A construção da cisterna de placas e da cisterna-calçadão, em 2012, deu outro rumo para a vida desses dois lutadores. Com o conhecimento adquirido nos cursos, mantêm ainda seis canteiros, sendo três deles econômicos, que ficam úmidos o ano todo. Dessa forma passaram de sobreviventes do Semiárido mineiro a cidadãos atuantes e fornecedores de alface, couve, coentro e pimentão para a feira de agricultores de Rubim. Tudo cultivado sem o uso de agrotóxicos e fertilizantes. Se o solo precisa de uma vitamina, usam a terra vermelha e o esterco de gado. Veneno, nem pensar! Semiárido da farturaAlém do cultivo da horta, a água ainda serve para manter uma roça com cenoura, quiabo, beterraba, coco, urucum, limão, pimenta de cheiro, mamão, mandioca, milho e feijão. Tudo para colorir a refeição diária dos quatro. As idas à cidade hoje se restringem apenas aos dias de venda na feira e a algumas compras de batata, arroz e macarrão. Quando algum vizinho precisa completar o prato e bate à porta do casal, eles têm de sobra pra compartilhar.

A chegada dessas tecnologias, além de prover água e alimento de qualidade e diversificar a renda da família, também criou um novo significado de relacionamento com a terra.
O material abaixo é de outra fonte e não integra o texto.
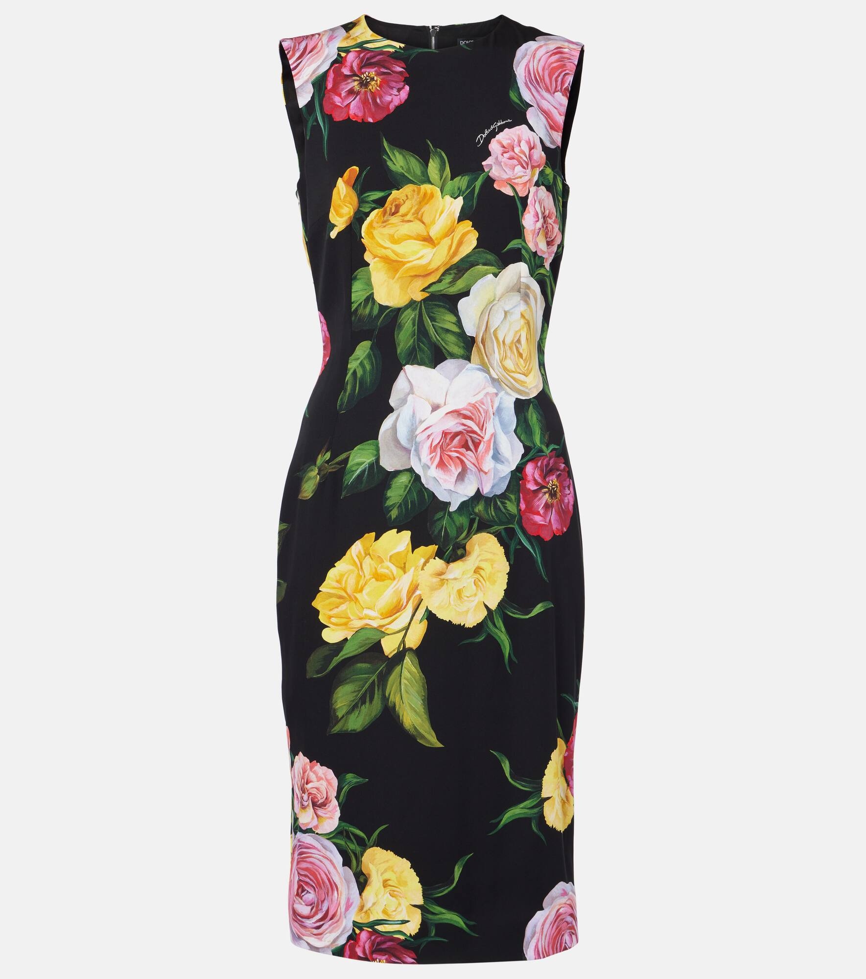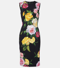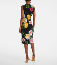 Charmeuse calf-length sheath dress with peony and rose print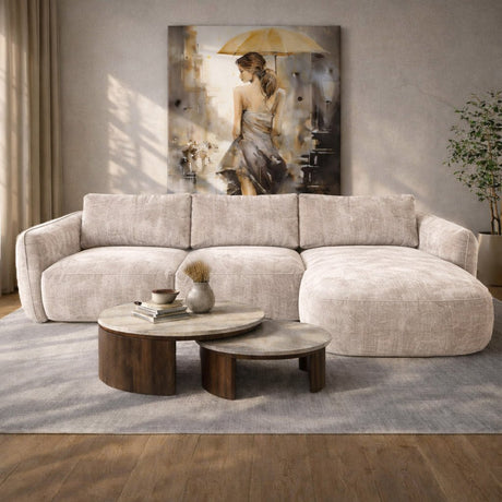 1.399,95Prix unitaire /IndisponibleCanapé d'angle avec chaise longue en tissu chenille beige Manon - droit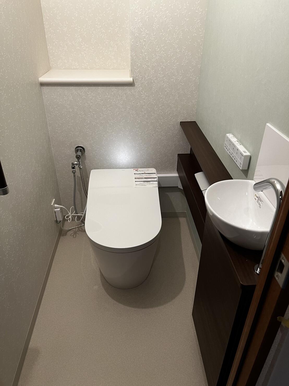 トイレに独立手洗い器を設けることで空間の印象はぐっと洗練され、視覚的にもすっきりとした印象になりました!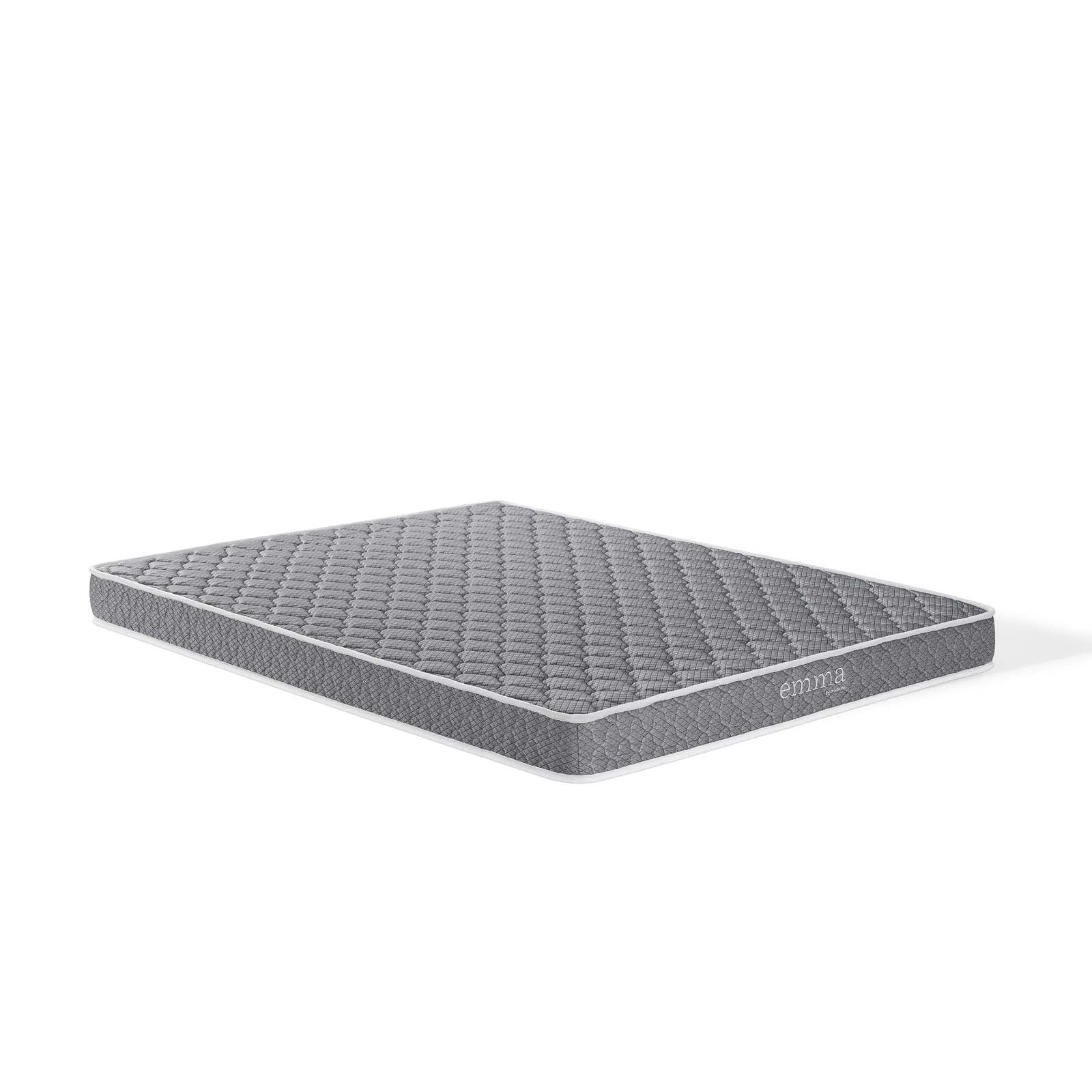 Introducing an affordable boxed bed solution. Emma features a 0.75 inch top layer of memory foam, 5.25 inch dense layer of responsive foam, and a quilted polyester fabric cover with stitched padding for an extra layer of comfort. The perfect extra mattress for adult or guest rooms, Emma easily stores away when not in use and comes compressed, vacuum-packed, rolled, and sealed in a small portable box. Foam meets fire resistant standards and fully decompresses in about 2 hours during the summer, and 72 hours during the winter. Set Includes: One - Emma 6" King Mattress.

Se antes se acreditava que a vida e o trabalho na cidade grande poderiam melhorar a condição das pessoas, hoje Ilma e Adelson comprovam o contrário, que é possível e prazeroso viver do que a terra do Semiárido nos dá. É uma atividade que envolve toda a família e que passa por gerações. "Os meninos estudam de dia e, nos horários livres, nos ajudam na horta. É isso que eu esperava pra eles. Construindo um futuro perto da natureza e longe da insegurança da cidade grande", diz Adelson, experiente no assunto.